There are several topics that only C / C ++ developers of low-level systems face in reality , and I don’t tell them about it. But even if I don’t directly come across this in my opinion, it is useful to know in general terms what the nuances are:

  • Memory operations:
    • Most of them are not atomic (that is, another stream can “see” them halfway), without explicit synchronization, atomicity is possible only for memory blocks no more than a pointer (i.e., usually 64 bits) and then under certain conditions.
    • In reality, they are far from always taking place in the order in which they are written in the source code of a program: processors and compilers with optimization rights can change their order as they see fit. In the case of multi-threaded programs, these optimizations can often lead to a violation of the logic of their work. To prevent such errors, developers can use special tools, such as memory barriers – instructions that prohibit transferring memory operations between parts of the program before and after the program.
  • New processes are created using a system call fork, which generates a copy of the current process (to start another program in a new process, there is a separate family of system calls – exec), in which the virtual space is almost completely identical to the parent, which does not consume additional physical memory until or the other will not begin to change it. This mechanism is called copy on writeand it can be played to create a large number of independent processes of the same type (for example, processing some requests), with a minimum of additional expenses of physical memory — in some cases it is more convenient to live than with a multi-threaded application.
  • Between the processor and RAM there are several levels of caches, access to which is even orders of magnitude faster than RAM. To the fastest – nanosecond fractions, to the slowest nanosecond unit. On the features of their work, you can do micro-optimization, but from high-level programming languages ​​you really can not get to them.

Total

Linux memory subsystem should not be left to fend for themselves. At a minimum, the following indicators should be monitored and displayed on the devices (both in summary and by process or their groups):

  • The rate of occurrence of major page faults;
  • Triggering the OOM killer;
  • The current amount of physical memory usage (this number is usually called RSS , not to be confused with the format of the same name for publishing text content).

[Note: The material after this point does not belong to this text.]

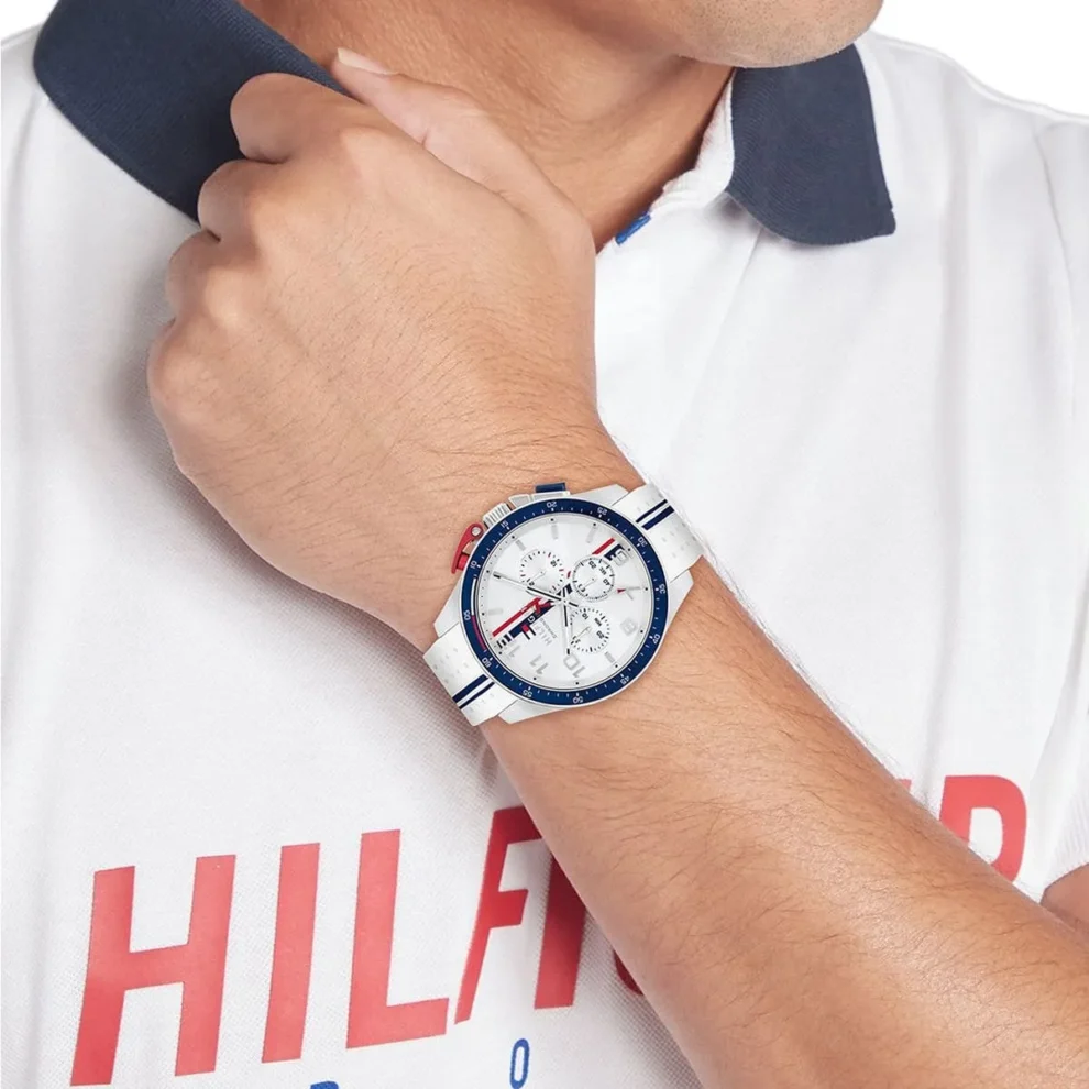 1792167 tommy hilfiger watch chronograph men white dial rubber strap quartz analog bank 3 990x990 2

In normal mode, all three indicators must be stable (and the first two are close to zero). Bursts or smooth growth should be considered as an anomaly, the reasons for which should be understood. What methods – I hope I showed enough directions where you can dig.

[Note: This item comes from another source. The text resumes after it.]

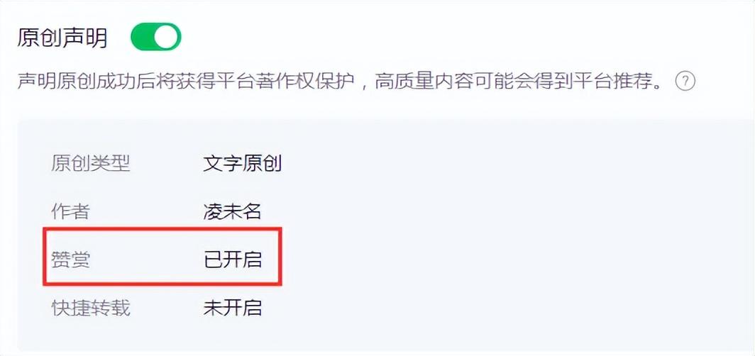 开通条件很简单:只要开通了文章的【原创】功能,并在发布文章时选择【原创】,就有机会获得读者的打赏。

  • The article is written with reference to modern Debian-like distributions of Linux and physical equipment with two processors Intel Xeon. The general principles are orthogonal to this and are valid even for other operating systems, but the details can vary greatly, even depending on the kernel build or configuration.
  • Most of the above-mentioned system calls, functions and commands are available man, to which I recommend to look for details about their use and operation. If you don’t have a linux machine on hand where you can type man foo– they are usually easily searched for with the same query.
  • If there is a desire to delve into any of the topics touched upon in passing – write about this in the comments, any of them can become the title of a separate article.

PS

Lastly, I repeat the numbers, which I strongly recommend to remember:

  • 0.0001 ms (100 ns) – access to main memory
  • 0.1–1 ms (0.1–1 million ns) —accession to SSD with a major pagefault, 3–4 orders of magnitude more expensive
  • 5–10 ms (5–10 million ns) —access to a traditional hard disk with pagefault, an order of magnitude more expensive

// ms – milliseconds, ns – nanoseconds.